AFTER MAKING good on its three-month-long threat to file for bankruptcy protection on Sunday, CIT Group, one of the nation’s biggest small-business lenders, may re-emerge more willing to lend. But factors affecting the broader credit market could mean that smoother lending is still a long way off.
CIT’s bankruptcy plan, which won the support of 90% of its bondholders, is designed to reorganize the firm’s debt and lead it out of Chapter 11 bankruptcy by the end of the year. Soon after that, the firm could begin issuing added loans and factoring deals to small businesses again.
“Hopefully, when CIT emerges, they will get back into the small-business lending arena,” says Molly Brogan, a spokeswoman for the National Small Business Association (NSBA) in Washington, D.C. “But we’re just in a watch-and-see mode right now.”
CIT remains optimistic. “The decision to proceed with our plan of reorganization will allow CIT to continue to provide funding to our small-business and middle-market customers, two sectors that remain vitally important to the U.S. economy,” Jeffrey M. Peek, Chairman and CEO of CIT, said in a statement.
However, one of the enduring lessons of the credit crisis may be that lending to small businesses has more to do with the larger economic recovery and the general availability of credit than the survival of a single lender.
Although the outlook appears positive for CIT’s small-business customers, access to credit will remain tight until the broader economy perks up, says Bill Dunkelberg, the chief economist for the National Federation of Independent Business in Washington. “Problem is not credit availability; it’s customer availability,” he says.
There have been some signs of a rebound. The economy grew at a 3.5% annual rate in the third quarter, and corporate earnings surprises driven by revenue growth suggest some sectors are recovering more quickly than expected. However, continued growth is needed for a return to lending and business as usual, Dunkelberg says. “Once purchases go up, more businesses will need loans to buy inventory and the like,” he says.

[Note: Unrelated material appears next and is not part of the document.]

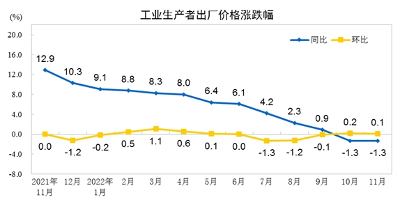 2022年11月工业生产者价格主要数据

One problem is that many business owners no longer qualify for certain loans; their credit scores fell as banks tightened their lending standards and slashed or closed credit lines, Brogan says.
According to the Federal Reserve’s latest Senior Loan Officer Opinion Survey, 35% of domestic banks said they tightened credit for small firms in July, down slightly from more than 40% in April. (For our story on the status of small-business lending, click here.)

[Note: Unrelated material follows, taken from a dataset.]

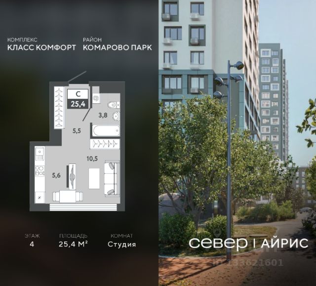 Продаётся квартира площадью 25.4 м2 в жилом комплексе "Айрис". Квартира находится на 4 этаже, жилая площадь квартиры 10.5 м2, площадь кухни-ниши — м2 Срок сдачи — III кв. 2027 "Айрис" — Смарт-квартал для активной и комфортной жизни "Айрис" расположен в новом экологически чистом районе Комарово Парк — локации без промышленного прошлого,в окружении трёх зелёных парков, до которых можно дойти за 10 минут. Здесь свежий воздух, природа и тишина сочетаются с городским комфортом. Рядом вся ключевая инфраструктура: ТРЦ "Колумб" и "Кристалл", Гимназия 4, Академия спорта, детские сады 60 и 95. Смарт-архитектура обеспечивает хорошие виды и естественное освещение. Разновысотная застройка формирует ощущение открытого пространства, а панорамные окна наполняют квартиры светом. Дворы без машин — безопасные игровые и спортивные зоны, зелёные пространства, места для отдыха и спорта. Большой выбор планировок — от студий до трёхкомнатных квартир, а также редкие форматы: террасы, зимние сады и сити-хаусы. Дополнительные удобства — кладовые на этажах, лаундж-парадные, два наземных паркинга. Продуманная транспортная доступность Благодаря продуманной транспортной доступности "Айрис" одинаково удобен и для автомобилистов, и для тех, кто пользуется общественным транспортом. Район остаётся тихим, при этом сохраняется связь с основными направлениями города: • 2025 минут до центра Тюмени • 67 минут до объездной дороги • 5 минут до Московского тракта Смарт-пространство для жизни без компромиссов "Айрис" предлагает продуманные пространства, которые поддерживают комфортный и активный образ жизни. На крышах паркингов размещены лайфстайл-зоны: площадки для тренировок, кинотеатр под открытым небом, зелёные террасы для йоги и отдыха — всё, что нужно для активной городской жизни рядом с домом. Максимум света и воздуха в каждой квартире Пространственные решения усиливают ощущение простора: • панорамные окна высотой 1,652,4 м; • витражные балконы и лоджии, расширяющие визуальные границы; • потолки от 2,72 м на типовых этажах до 4,62 м на первом. Многофункциональные крыши паркингов: новый уровень городской инфраструктуры Жители "Айрис" могут заниматься спортом, отдыхать и встречаться на свежем воздухе. — прямо на крышах паркингов. Здесь расположены: • воркаут-зона с тренажёрами и цифровыми программами тренировок — поддерживать форму можно рядом с домом; • кинотеатр под открытым небом, который летом становится центром вечерней жизни квартала; • зелёные террасы — тихие места для отдыха, чтения и встреч; • йога-терраса, где удобнее всего заниматься на рассвете и закате.

CIT’s bankruptcy filing may be good news for small businesses in need of credit. The lender’s filing will test whether a lender can survive the bankruptcy process, which poses risks for borrowers and investors. If CIT can resurface successfully, other troubled institutions may follow suit, says Dunkelberg, who also serves as chairman of Liberty Bell Bank in New Jersey.
Knowing what will become of CIT should bode well for businesses, says Robert Brusca, the chief economist at Fact and Opinion Economics, a researcher in New York. “It’ll be good to have CIT’s situation clarified. It’s [also] good to have that clarification come with the backstop of a new infusion of funds from Carl Icahn.” (Last Friday, billionaire investor Carl Icahn, who says he is CIT’s largest debt-holder, agreed to support the prepackaged bankruptcy filing.)